Selain itu, buku ini pun menyajikan ilustrasi-ilustrasi gambar yang nyambung dengan bahasannya dan cukup menggelitik. Ini contohnya.

Yang tidak kalah menarik adalah hal-hal yang dibahas di buku ini adalah  hal-hal ringan, hal-hal kecil yang kerap kali terjadi dalam keseharian kita, namun seringkali terlewati dan luput dari perhatian, atau memang kita sudah malas tahu. Judul bab-babnya antara lain: kita dan listrik; kita, uang, dan pendidikan; kita dan insinyur; Kita, jas, dan dasi; kita dan suap; kita dan bajaj; dan masih banyak lagi. Yang saya suka dari buku ini adalah ia tidak hanya memberikan kritik tapi juga SOLUSI *angkat topi*. Jadi, saya sangat merekomendasikan teman-teman untuk membaca buku ini.
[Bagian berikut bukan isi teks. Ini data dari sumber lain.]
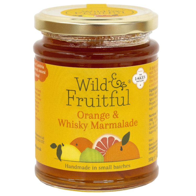 Sugar, Bitter Oranges (31%), Water, Lakes Distillery Whisky (3%), Gelling Agent: Pectin, Acidity Regulator: Citric Acid. Prepared using 31g fruit per 100g. Total sugar content 62g per 100g.
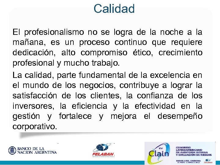 Calidad El profesionalismo no se logra de la noche a la mañana, es un proceso continuo que requiere dedicación, alto compromiso ético, crecimiento profesional y mucho trabajo. La calidad, parte fundamental de la excelencia en el mundo de los negocios, contribuye a lograr la satisfacción de los clientes, la confianza de los inversores, la eficiencia y la efectividad en la gestión y fortalece y mejora el desempeño corporativo.
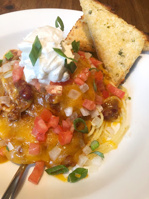 Spaghetti smothered with Rusty Bucket’s Texas sirloin chili and topped with cheddar cheese, sour cream, onion, and fresh diced tomatoes; served with garlic cheese bread
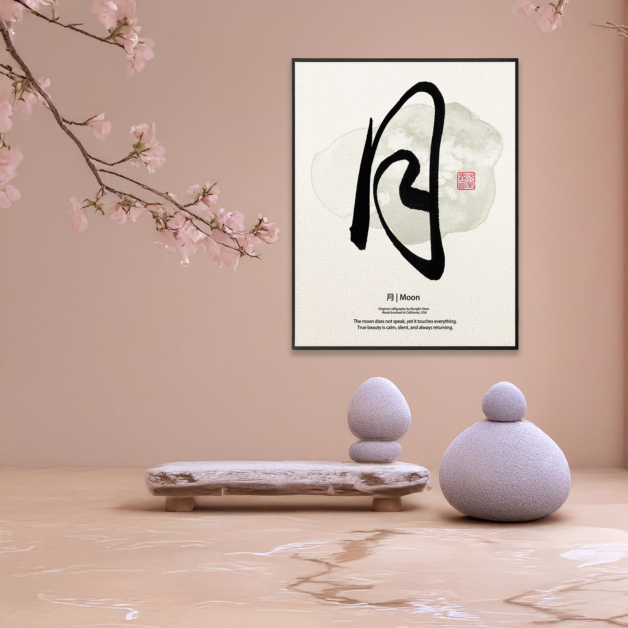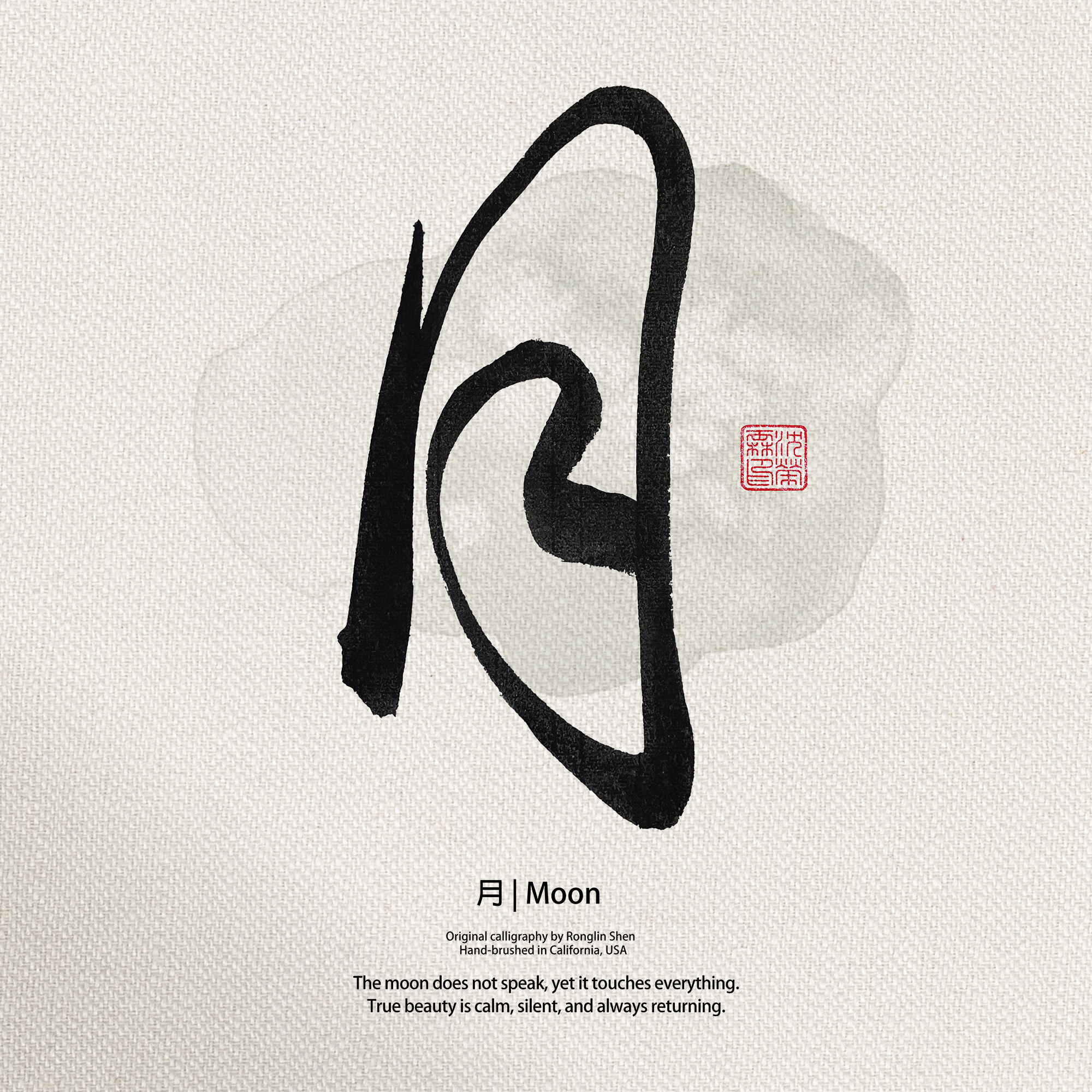 The character “月” (Moon) embodies a timeless symbol in East Asian aesthetics — reflecting serenity, rhythm, and quiet illumination. In Chinese and Japanese traditions, the moon is not merely a celestial body, but a mirror of inner stillness, the cyclical nature of life, and the beauty of what is seen through silence.

Nah, sekarang saya akan me-riview salah satu bab yaitu kita dan suap. Alkisah, ada seorang ibu yang kaget melihat 2 anaknya yang sedang bermain kejar-kejaran antara polisi dan penjahat.

Kakak: Hey, adik kan sudah tertangkap. Mobilnya nggak boleh jalan lagi donk!
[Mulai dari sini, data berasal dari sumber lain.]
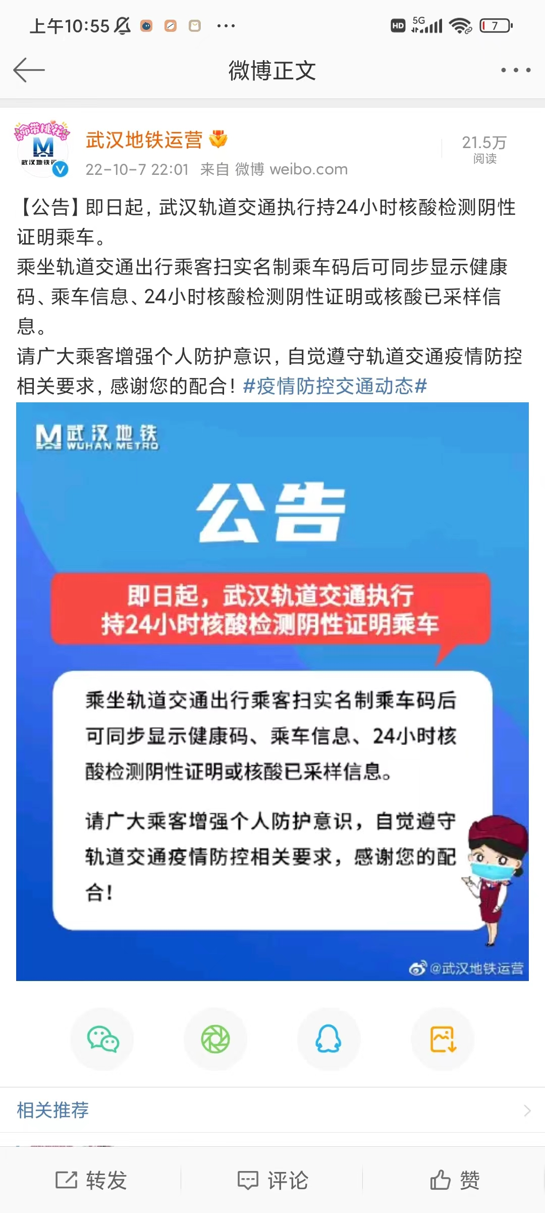 1、武汉地铁:武汉轨道交通执行持24小时核酸检测阴性证明乘车。乘坐轨道交通出行乘客扫实名制乘车码后可同步显示健康码、乘车信息、24小时核酸检测阴性证明或核酸已采样信息。
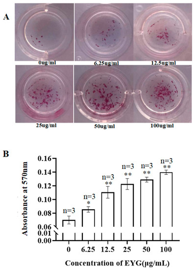 After the treatment with different concentrations of EYG (0, 6.25, 12.5, 25, 50, 100 µg/mL), the proliferation rate of MC3T3-E1 cells increased in a dose-dependent manner. When the concentration of EYG was 100 µg/mL, the proliferation rate of MC3T3-E1 cells significantly increased to 114.37%, indicating that EYG could significantly promote the proliferation of MC3T3-E1 cells without toxic side effects (Figure 1A).
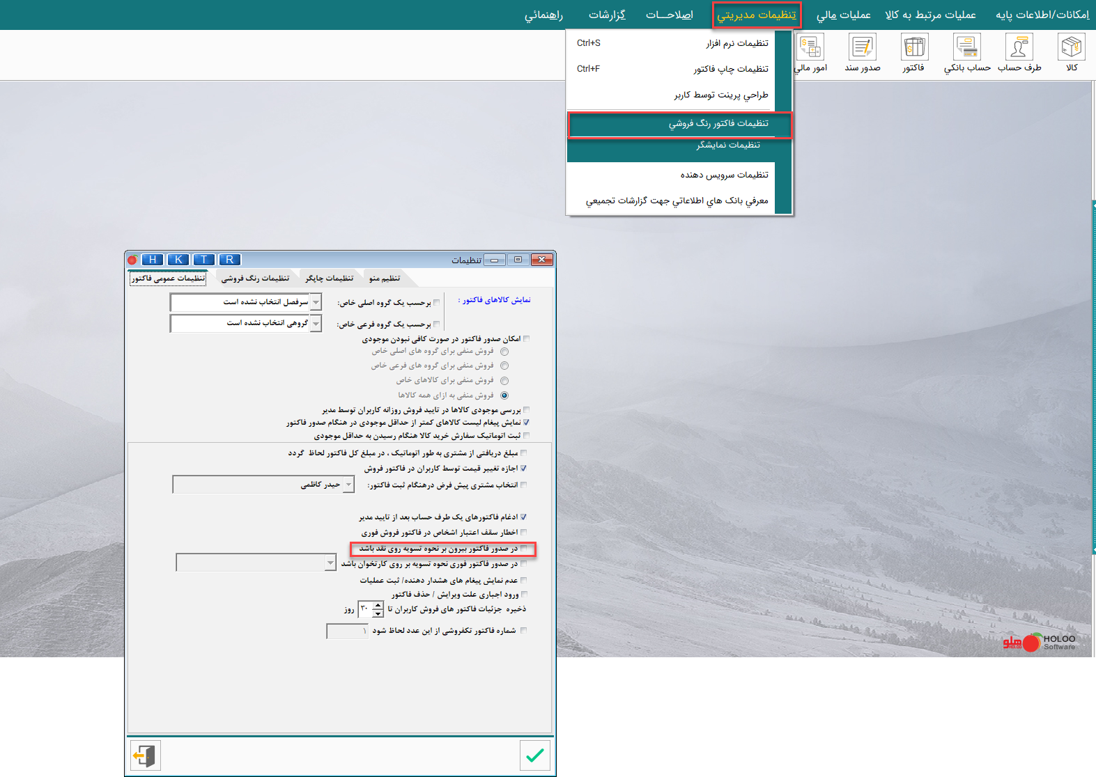 توجه: از مسیر تنظیمات مدیریتی / تنظیمات فاکتور رنگفروشی می توانید تنظیمات مربوط به این نوع صدور فاکتور را انجام دهید. به عنوان مثال تسویه صدور فاکتور بیرون بر را بر روی نقد تنظیم نمایید.
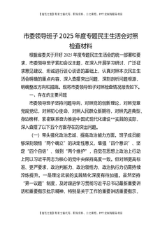 市委领导班子2025年度专题民主生活会对照检查材料.docx

Adik: Biarin aja. Kakak kan cuma polisi. Adik bayar aja. Beres kan?

Mendengar hal itu, sang ibu langsung terlonjak dari kursi, bungsunya yang belum genap 6 tahun sudah mengenal suap-menyuap.

Ibu: Adik! Adik tidak boleh ngomong begitu! Itu tidak boleh. Siapa yang mengajari Adik untuk bicara seperti begittu?

Adik: Mama sendiri yang ngajarin

Anda tentu sudah bisa menebak seperti apa reaksi sang ibu. Nah, ternyata sehari sebelumnya seluruh keluarga pergi menggunakan mobil mengunjungi rumah saudara. Namun karena sang ayah tidak mengenal daerah sekitar situ, ia salah belok dan dihentikan polisi. Sang polisi meminta sang ayah keluar dari mobil dan memberikan penawaran: bayar di tempat atau ditilang dan menghadiri sidang. Karena tidak suka dengan sikap arogansi petugas polisi, sang ayah membiarkan surat izinnya ditahan.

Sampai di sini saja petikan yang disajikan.